7/10
A Little Bit Too Twee
22 November 2008
Warning: Spoilers
Coming 3 years after the even more insipid 'Logan's Run', Micheal York and Jenny Agutter are paired-up again in more conservative dress, but this time they're in the past instead of the future.

Under wicked Kaiser Wilhelm, the Germans are plotting a covert sea-borne invasion of Britain. An English holiday-maker accidentally stumbles upon their scheme whilst sailing.

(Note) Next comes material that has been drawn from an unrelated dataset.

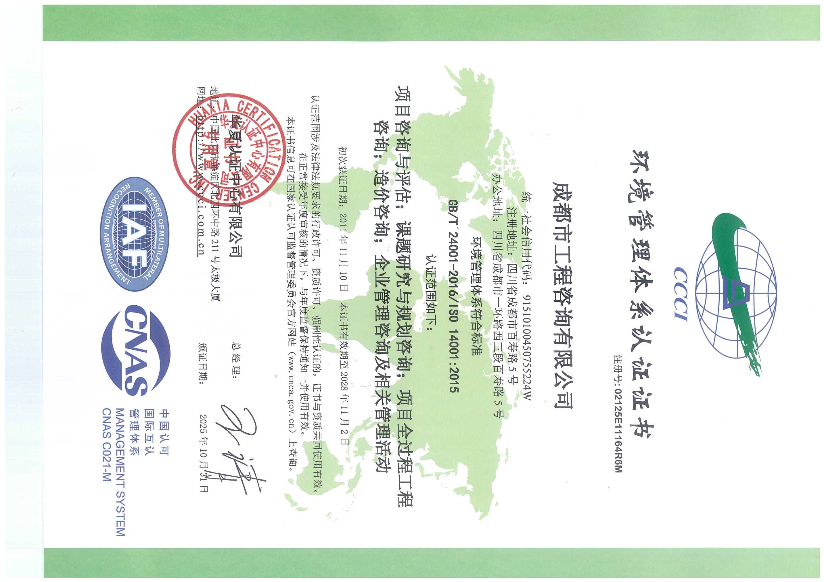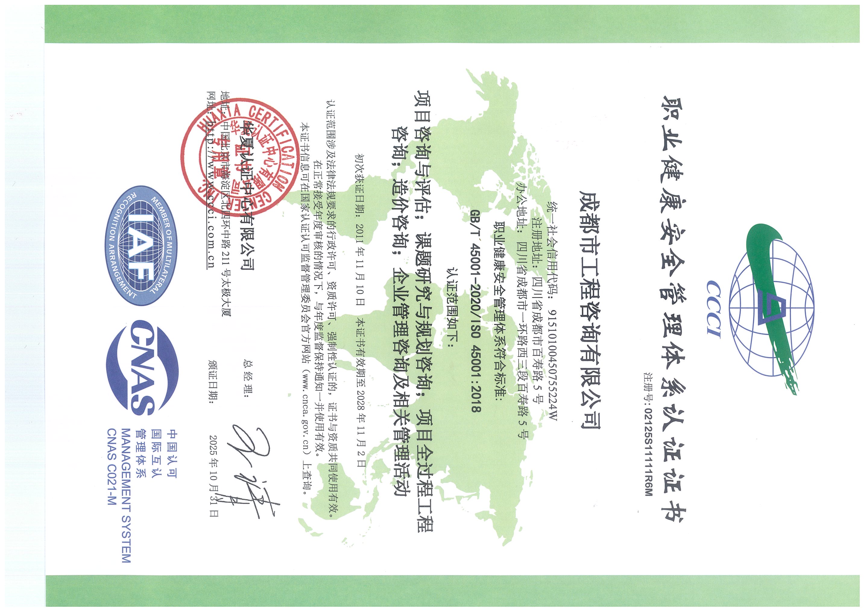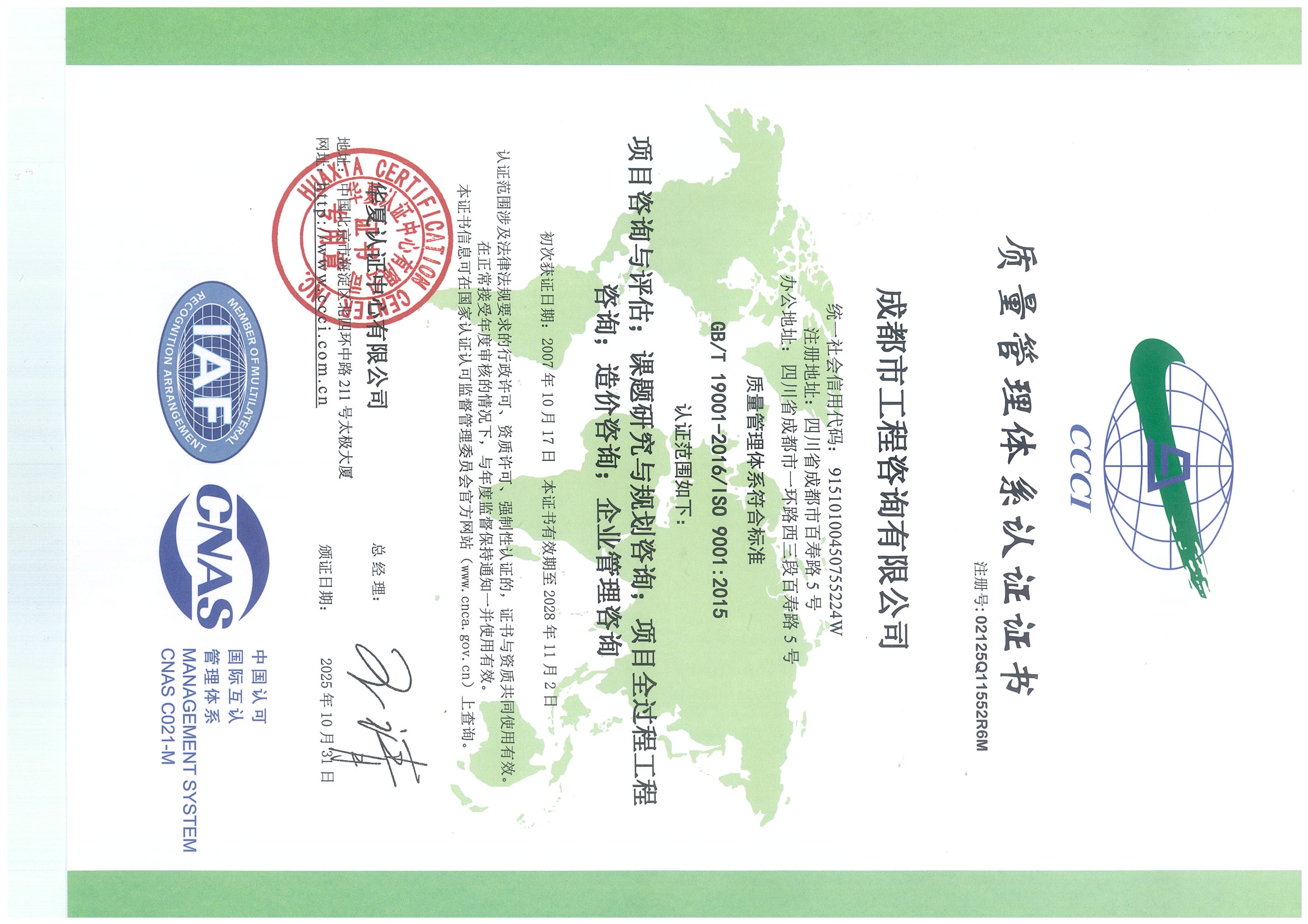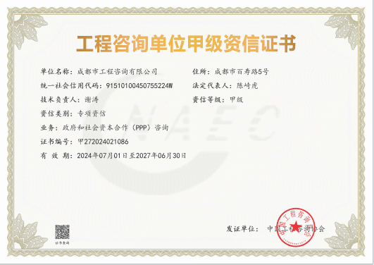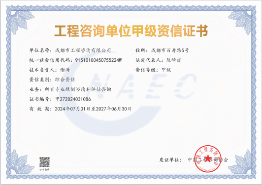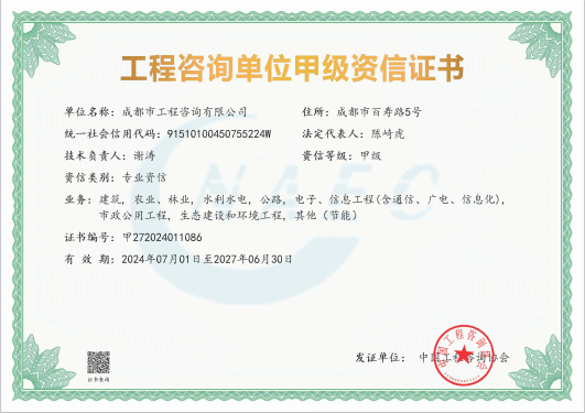 公司是四川省內(nèi)唯一同時持有甲級綜合資信、甲級專業(yè)資信和PPP甲級專項資信證書的綜合性咨詢機構(gòu),是四川省及成都市發(fā)展改革部門以及天府新區(qū)、東部新區(qū)、高新區(qū)、武侯區(qū)等20余個區(qū)(市)縣的政府投資項目咨詢服務(wù)機構(gòu)。公司擁有工程咨詢甲級綜合資信、甲級專業(yè)資信和PPP甲級專項資信三項甲級資信證書和工程造價資質(zhì)。甲級綜合資信由建筑,水利水電,農(nóng)業(yè)、林業(yè),電子、信息工程(含通信、廣電、信息化),市政公用工程,生態(tài)建設(shè)和環(huán)境工程,公路,其他(節(jié)能)8個甲級專業(yè)資信和電力(含火電、水電、核電、新能源),輕工、紡織,水文地質(zhì)、工程測量、巖土工程,建材,鐵路、城市軌道交通,其他(土地整理)和其他(旅游工程)7個其他專業(yè)組成。公司現(xiàn)已通過了GB/T19001-2016/ISO9001:2015質(zhì)量管理體系、GB/T24001-2016/ISO14001:2015環(huán)境管理體系和GB/T45001-2020/ISO45001:2018職業(yè)健康安全管理體系認(rèn)證。

It's a very slowly evolving drama, played almost as shallowly as the waters they navigate. Fay Mr York may be handsome in an artist's model sort of way but never passes for an action man. His effeminate voice certainly doesn't help. Jenny Agutter does her usual pose of fresh-faced innocence with which she was invariably been typecast. I met her a few months ago in Camberwell, and apart from a few eye-lines hasn't changed all that much.

Unlike most of the genre, ie; spying, sabotage, etc; the pace is largely unhurried, with none of the untimely shocks or bloody murders one usually associates with the genre. The relaxed and rather light-hearted way in which the story unfolds seems to hark back to a more civilised time. The whole production is reminiscent of 'The Railway Children', as though primarily aimed at kids. It's not just as if the plot is set in the early part of the 20th century, but is being narrated from the same perspective. That's cleverly done (if it was intended) but even for 1979 vintage the style requires a little getting used to. It's constantly on the edge of becoming boring - which is what sailing is like if you're used to powerboats. Though it usually manages to right itself before complete capsize.

Photography is sympathetically worked, giving an excellent sense of obscurity. And combined with the reflective music score together they lend the movie a 'water-colour' feel.

Compared to modern productions with their frenetic cut-and-cut-again editing, confrontational in-you-face drama, and flair for the overstatement, the movie really does seem like a postcard from the past. But that's not to say it isn't engaging and a pleasure to see.

If it's on the telly (typically Saturday afternoon) and I've nothing else to do then I can't help watching it. Though I'm never quite satisfied with it at the end. It seems to lack something, but I don't know quite what. Maybe I've just watched too many 'action' movies.